Through sometimes gritted teeth, we talk. We talk about what’s happening with the kids at school, what they want to do for their birthday parties. Sometimes it’s easier if I talk to their stepmom instead of to their father. Sometimes I remind her that his old tactics are not helpful and that if we wish to carry on a conversation, we must allow each to have time and space to speak and be heard. I take responsibility for my faults and vow to make changes to benefit us all.

This openness will help for a period and then old patterns come back into play. We regroup, and it’s fixed again. It is always a work in progress, and I feel encouraged by keeping a growth mindset, knowing that no matter what, positivity is best for everyone. 

This is not just about the children. I have to live through the aftermath, too.

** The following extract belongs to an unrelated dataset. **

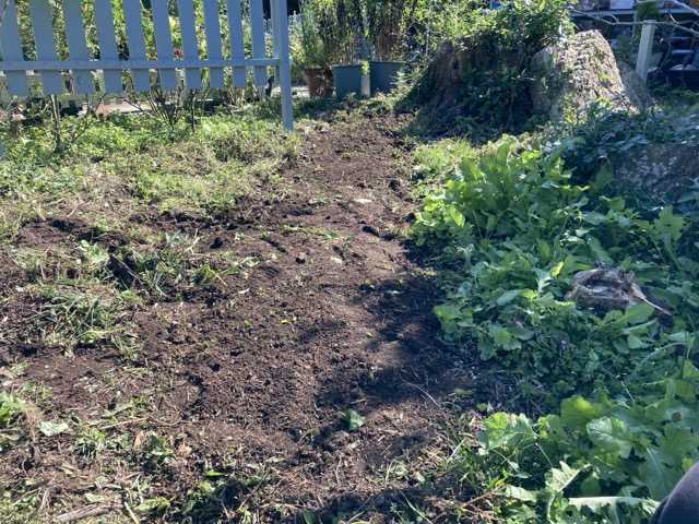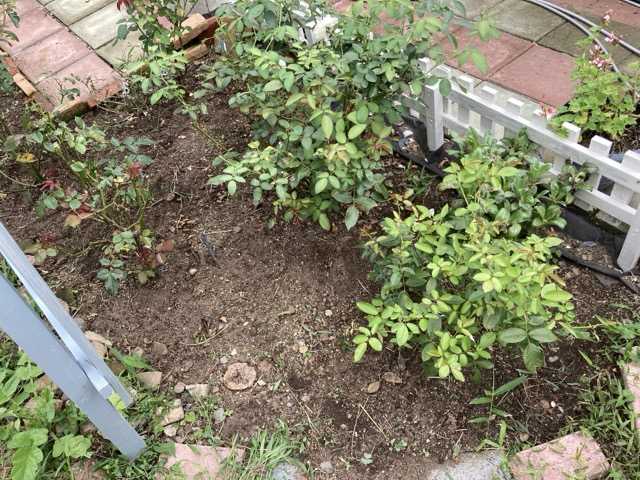 今日は雨の予報だったけどなんとか一日持ちました中央フェンス裏で枯れていた紅葉の木を息子にチェーンソーで切ってもらいました草を引きながら耕していると黄金虫などの幼虫がたくさん出てくるのでオルトランDXを撒いて予防です黄金虫の幼虫は薔薇の根を食べられないように植える前にしっかりと予防です耕しているとあちこちから太い木の根が出てきます全部を掘り起こすことは無理なので掘れて出てきたところだけチェーンソーで切ってもらいました石もたくさん出てきます大きなものは道になるところに埋めましょう今日は防草シートで道を作って終了です道のイメージができると花壇の形も見えてきますね紅葉と山茶花の木の下にクリスマスローズを植えるのも良さそうです秋薔薇の季節なのですねアイスバーグが順調に咲き進んできましたサマンサ レッドクィーン キャラミア赤花ですサマーレディ オードリーヘップバーン ブラウンピンクピンク色ですがそれぞれですムーンライトハニー リオサンバ ミケランジェロ黄花も綺麗です 明日は雨予報早く上がって庭仕事ができると良いな・:*+.\(( °ω° ))/.:+
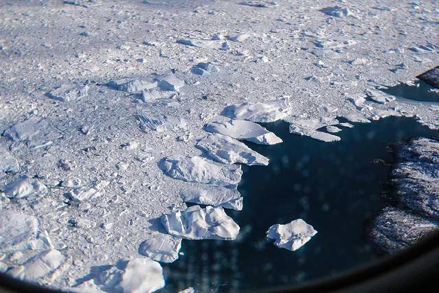 向窗外望去,海面上的冰块似乎漂浮得离我们更近了些。

Our transition days are Mondays (we have a week-on-week-off joint custody agreement), and our Mondays are typically fraught with high emotions — the coming down from having been at their father’s, and the readjusting to life with me. While I know their father plays an important role in their lives, I often shoulder and carry the emotional weight of their transitions.

A few months after switching to our current schedule, my daughter was feeling tense after school as we made the trek to gymnastics one dreaded Monday. Per our usual routine, we headed to the park to kill time. She refused to get out. There was a tension without a name, a feeling of anger and dread. I kept asking questions, feeling my own emotions becoming entangled and indecipherable from hers.

After an unnamed tension, yelling, and tears, my daughter exploded, as though having finally hit the release valve, giving a name to her uneasiness. 

“Why did my dad leave for four months and not talk to us?” she screamed, tears streaming down her face.

We sat in this release for a few moments. We felt the ease fall over our bodies as we took yet another step towards the healing that takes place after divorce. And, though I knew that would not be the last time, I reveled in our forward motion.

Divorce is so commonplace. But this commonality does not make it easier, nor does it mean the emotions behind it easily subside. 

I might be tired of talking about it, but I refuse to brush my divorce under the rug. It is imperative to keep talking. Even when it’s hard. Even when it’s ugly. Just keep talking.